--- Provided material ---
--

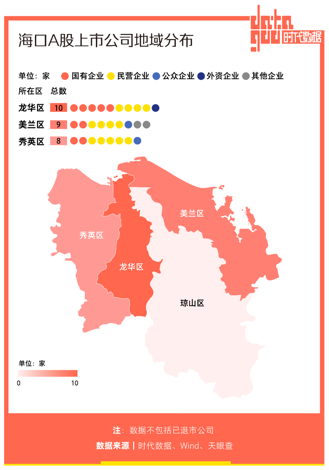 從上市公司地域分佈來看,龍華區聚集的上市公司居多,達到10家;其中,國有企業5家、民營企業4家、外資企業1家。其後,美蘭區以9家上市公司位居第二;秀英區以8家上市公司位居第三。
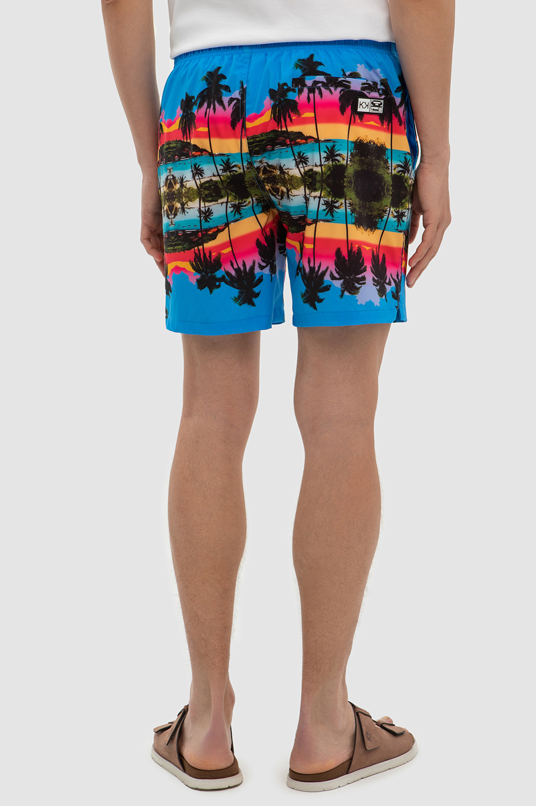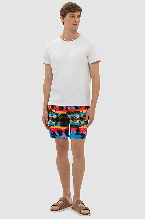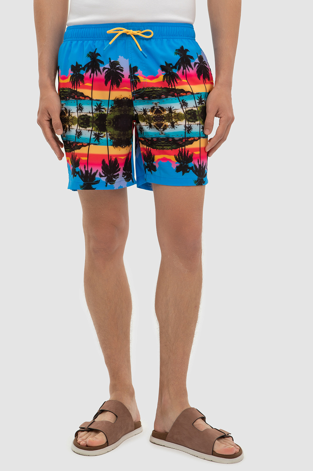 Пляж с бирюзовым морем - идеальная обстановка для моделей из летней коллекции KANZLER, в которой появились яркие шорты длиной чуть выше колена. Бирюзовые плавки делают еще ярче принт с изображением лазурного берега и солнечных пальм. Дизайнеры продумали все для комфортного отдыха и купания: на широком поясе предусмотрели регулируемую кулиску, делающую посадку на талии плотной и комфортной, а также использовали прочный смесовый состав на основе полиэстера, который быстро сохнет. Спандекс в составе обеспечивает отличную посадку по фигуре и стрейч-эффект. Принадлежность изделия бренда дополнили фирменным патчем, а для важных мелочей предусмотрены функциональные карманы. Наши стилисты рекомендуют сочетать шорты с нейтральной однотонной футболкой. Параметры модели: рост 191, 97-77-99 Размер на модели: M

--

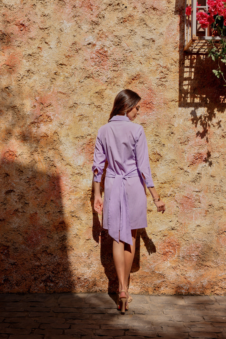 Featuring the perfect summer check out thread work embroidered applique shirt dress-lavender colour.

--

--- Task to carry out ---
Your answer should be the exact lines above from the one containing "從上市公司地域分佈來看,龍華" through the one containing "Пляж с бирюзовым", with both end lines kept and the pictures removed, please.

--- Answer section ---
 從上市公司地域分佈來看,龍華區聚集的上市公司居多,達到10家;其中,國有企業5家、民營企業4家、外資企業1家。其後,美蘭區以9家上市公司位居第二;秀英區以8家上市公司位居第三。
 Пляж с бирюзовым морем - идеальная обстановка для моделей из летней коллекции KANZLER, в которой появились яркие шорты длиной чуть выше колена. Бирюзовые плавки делают еще ярче принт с изображением лазурного берега и солнечных пальм. Дизайнеры продумали все для комфортного отдыха и купания: на широком поясе предусмотрели регулируемую кулиску, делающую посадку на талии плотной и комфортной, а также использовали прочный смесовый состав на основе полиэстера, который быстро сохнет. Спандекс в составе обеспечивает отличную посадку по фигуре и стрейч-эффект. Принадлежность изделия бренда дополнили фирменным патчем, а для важных мелочей предусмотрены функциональные карманы. Наши стилисты рекомендуют сочетать шорты с нейтральной однотонной футболкой. Параметры модели: рост 191, 97-77-99 Размер на модели: M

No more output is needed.